The footsteps stop just outside the records room door, and then someone speaks, smooth and polished and dripping with the kind of oily confidence that I have learned to associate with the worst kind of corporate adversary.

"Knox Bloodaxe. I heard rumors that you were making moves in this sector, but I have to admit, I didn't expect you to be slumming it quite this dramatically.

A third-tier regional firm? Really? I thought the Bloodaxe Clan had higher standards. "

I turn slowly, positioning myself between Cypress and the doorway, and I feel my lips pull back from my tusks in what is not a smile.

Standing in the entrance to the records room is a figure I recognize from intelligence briefings and unflattering photographs, a human male with silver hair swept back from a forehead that has clearly benefited from expensive cosmetic intervention, wearing a suit that probably cost more than this company's entire quarterly coffee budget.

Victor Ashworth. CEO of Ashworth Financial Solutions. My primary competitor in the regional market expansion and, according to my grandmother, "a snake in human clothing who would sell his own mother for a favorable quarterly report."

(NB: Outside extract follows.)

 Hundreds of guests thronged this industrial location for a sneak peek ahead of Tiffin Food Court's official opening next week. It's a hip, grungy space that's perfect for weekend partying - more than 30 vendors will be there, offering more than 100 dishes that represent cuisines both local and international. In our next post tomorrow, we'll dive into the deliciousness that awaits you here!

"Ashworth," I growl, and I am pleased to note that the name comes out sounding appropriately threatening.

"In the flesh." Victor steps into the room, his polished shoes somehow avoiding the scattered papers and debris that litter the floor, his smile wide and white and utterly devoid of warmth.

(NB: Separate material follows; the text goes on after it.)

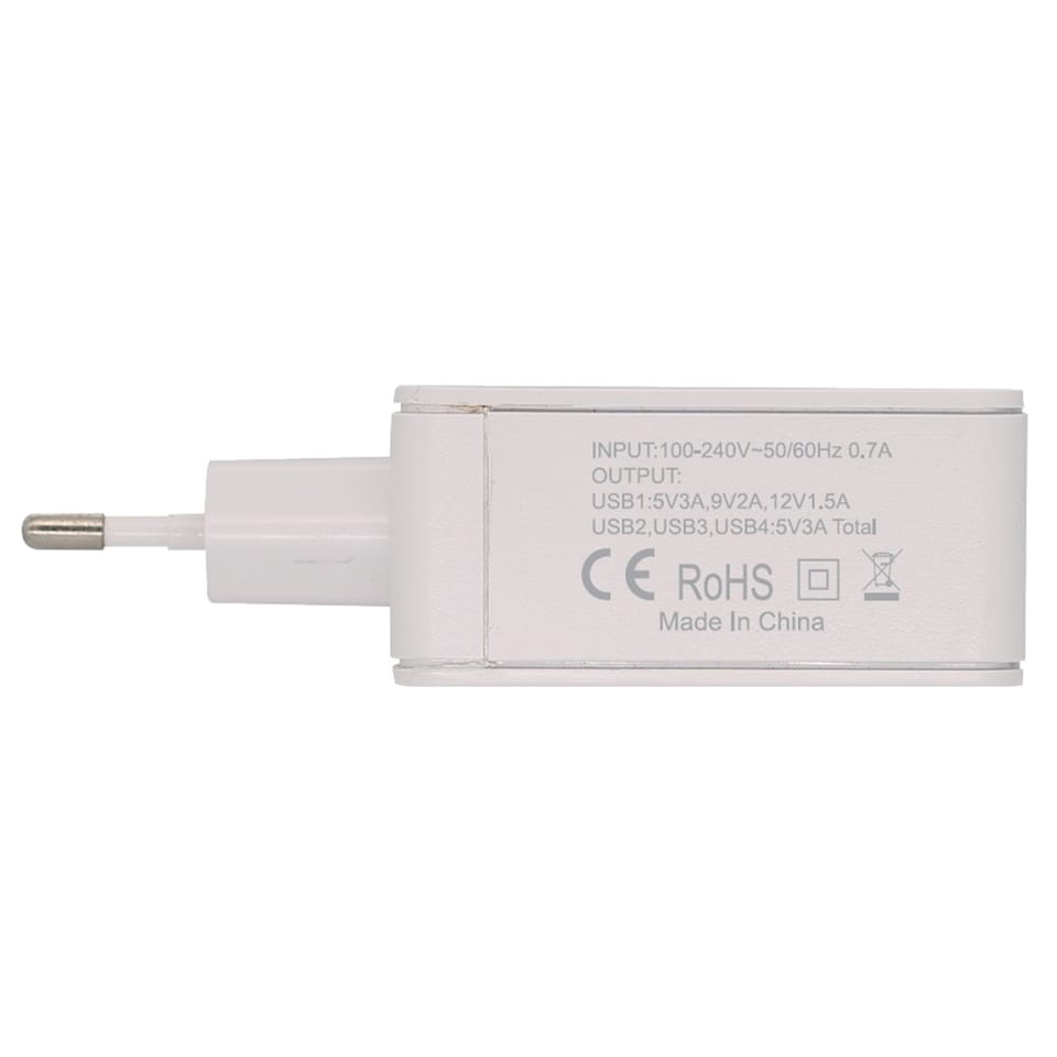 Bardzo szybka ładowarka sieciowa działająca w technologii QC3.0: 4 porty USBprzeznaczona do ładowania telefonów, tabletów, oraz innych urządzeń ładowanych z USBwejście sieciowe: 100-240V~50/60Hzmaksymalny pobór prądu 0,7Ajeden port USB zgodny z QC3.0: 5V / 3A; 9V / 2A; 12V / 1,5A3 porty USB 5V / 3A maxwtyczka EUmateriał ABSwaga 116gOSTRZEŻENIA ładowarka przystosowana do prazy z prądem 100-240V~50/60Hznie próbować otwierać obudowy ładowarkiunikać narażania ładowarki na pracę w warunkach zwiększonej wilgotności powietrza

Behind him, I can see two more figures, lawyers based on their matching briefcases and expressions of studied boredom.

"I have to say, Knox, your timing could not have been more perfect.

You've saved me the trouble of dealing with the previous management myself. "

He reaches into his jacket and produces a folder, extending it toward me with a flourish that suggests he has practiced this particular gesture in front of a mirror.

"Consider this a welcome gift. A notice of immediate foreclosure on all physical assets of this company, effective forty-eight hours from receipt.

It seems the previous leadership was not particularly diligent about their loan payments, and Ashworth Financial Solutions happens to hold the majority of their outstanding debt. "

I do not take the folder. I glance at Victor Ashworth, at his perfect hair and his perfect suit and his perfect smile that does not reach his cold, calculating eyes, and I feel something dark and hot unfurling in me.

Behind me, Cypress makes a small sound that might be dismay or might be the beginning of a very creative profanity.

Victor's smile widens. "Welcome to the neighborhood, Warchief."